## LISTED ENTRIES
▼

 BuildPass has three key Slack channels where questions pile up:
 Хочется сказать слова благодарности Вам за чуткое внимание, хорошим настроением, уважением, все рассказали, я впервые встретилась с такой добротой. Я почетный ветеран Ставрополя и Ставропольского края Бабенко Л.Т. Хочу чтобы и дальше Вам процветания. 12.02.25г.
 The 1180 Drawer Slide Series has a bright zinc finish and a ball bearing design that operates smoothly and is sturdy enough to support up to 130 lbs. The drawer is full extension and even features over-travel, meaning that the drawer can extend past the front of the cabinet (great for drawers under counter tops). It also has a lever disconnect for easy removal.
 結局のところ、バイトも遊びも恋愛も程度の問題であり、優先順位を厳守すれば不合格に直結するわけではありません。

▲
▼

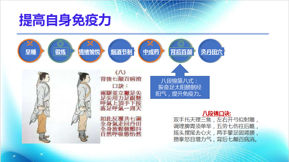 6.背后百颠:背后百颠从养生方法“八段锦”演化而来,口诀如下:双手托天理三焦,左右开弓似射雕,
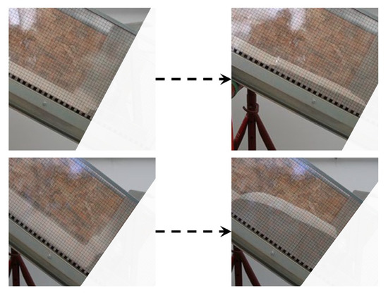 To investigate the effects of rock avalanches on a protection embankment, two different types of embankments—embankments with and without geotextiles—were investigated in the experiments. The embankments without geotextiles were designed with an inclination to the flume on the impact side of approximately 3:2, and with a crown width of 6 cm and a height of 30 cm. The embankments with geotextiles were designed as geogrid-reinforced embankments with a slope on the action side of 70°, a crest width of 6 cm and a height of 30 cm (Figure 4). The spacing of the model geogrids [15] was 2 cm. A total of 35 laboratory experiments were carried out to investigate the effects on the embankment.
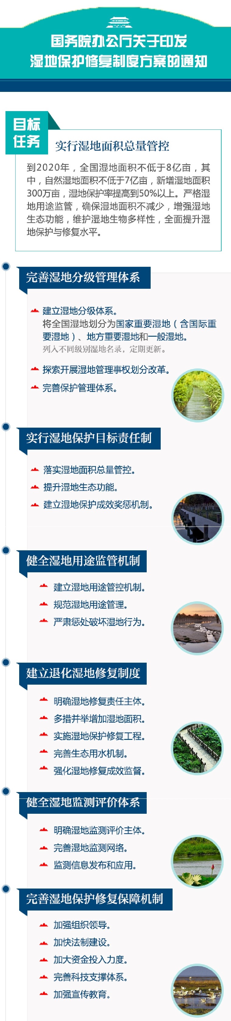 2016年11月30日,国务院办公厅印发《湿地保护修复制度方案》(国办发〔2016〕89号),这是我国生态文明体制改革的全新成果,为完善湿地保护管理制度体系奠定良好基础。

▲

## TASK DETAILS
From the listing above, the lines starting with the one that has "BuildPass has three" and running through the one that has "結局のところ、バイトも遊びも" should be copied exactly, ends included.

## OUTPUT BELOW
 BuildPass has three key Slack channels where questions pile up:
 Хочется сказать слова благодарности Вам за чуткое внимание, хорошим настроением, уважением, все рассказали, я впервые встретилась с такой добротой. Я почетный ветеран Ставрополя и Ставропольского края Бабенко Л.Т. Хочу чтобы и дальше Вам процветания. 12.02.25г.
 The 1180 Drawer Slide Series has a bright zinc finish and a ball bearing design that operates smoothly and is sturdy enough to support up to 130 lbs. The drawer is full extension and even features over-travel, meaning that the drawer can extend past the front of the cabinet (great for drawers under counter tops). It also has a lever disconnect for easy removal.
 結局のところ、バイトも遊びも恋愛も程度の問題であり、優先順位を厳守すれば不合格に直結するわけではありません。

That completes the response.